Winchcombe Meteorite Analysis
The findings may also have implications for the analysis of samples collected from space, such as the recent delivery of asteroid Ryugu samples and the upcoming planned delivery of samples from Mars. According to Laura Jenkins, an Earth scientist from the University of Glasgow, the Winchcombe meteorite, despite its contamination, has already provided significant insights and is often considered a "pristine" example of a CM chondrite meteorite.
The study of the Winchcombe meteorite shows that no meteorite can remain entirely pristine after encountering Earth's atmosphere. Terrestrial alteration begins to affect the meteorite immediately upon impact.

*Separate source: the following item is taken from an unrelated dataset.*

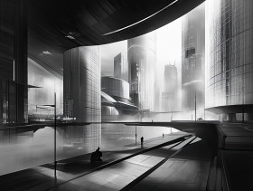 A cityscape with sleek, modern buildings depicted in gray tones, the acrylic grisaille method showcases the futuristic architecture lines and forms

The analysis of Winchcombe, which is a carbonaceous chondrite meteorite composed mainly of carbon and silicon, revealed that it had changed within just a few months of falling to Earth. Despite its age of 4.6 billion years, the meteorite can provide valuable information, but only if researchers accurately interpret their findings.

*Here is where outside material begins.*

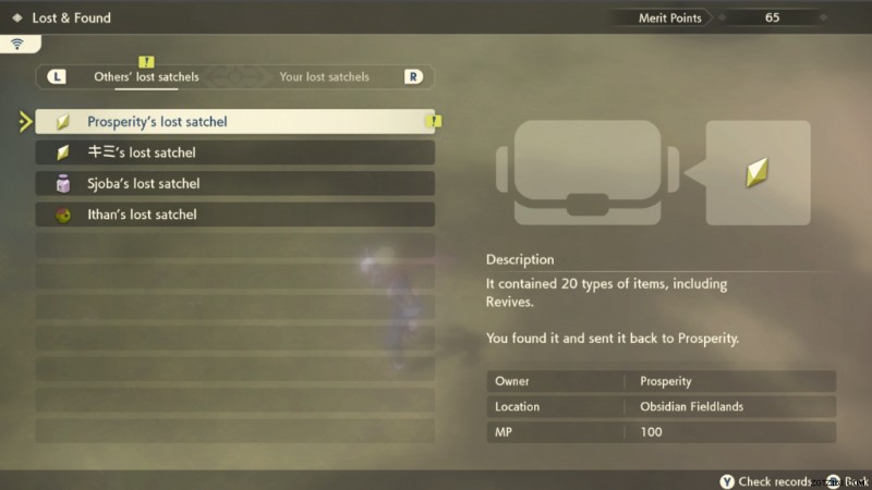 かばんを返却すると、ランダムな量のメリット ポイントが付与されます。ポイントはだいたい 50 から 100 MP です。また、サッチェルを返却するとアイテムが与えられます。これは、返却した人の名前の横に記載されています。

To study the Winchcombe meteorite, Jenkins and her colleagues used various techniques such as scanning electron microscopy, Raman spectroscopy, and transmission electron microscopy. The team analyzed several samples, including one from the initial discovery on a driveway and several from nearby sheep fields where the meteorite fragments had remained for several days. As an asteroid enters Earth's atmosphere, the air in front of it compresses and heats up, causing the outer layer of the meteorite to melt and be shed. This process continues layer by layer until the meteorite slows down enough for the air to no longer be hot enough to melt the rock, leaving a thin outer crust to cool and harden.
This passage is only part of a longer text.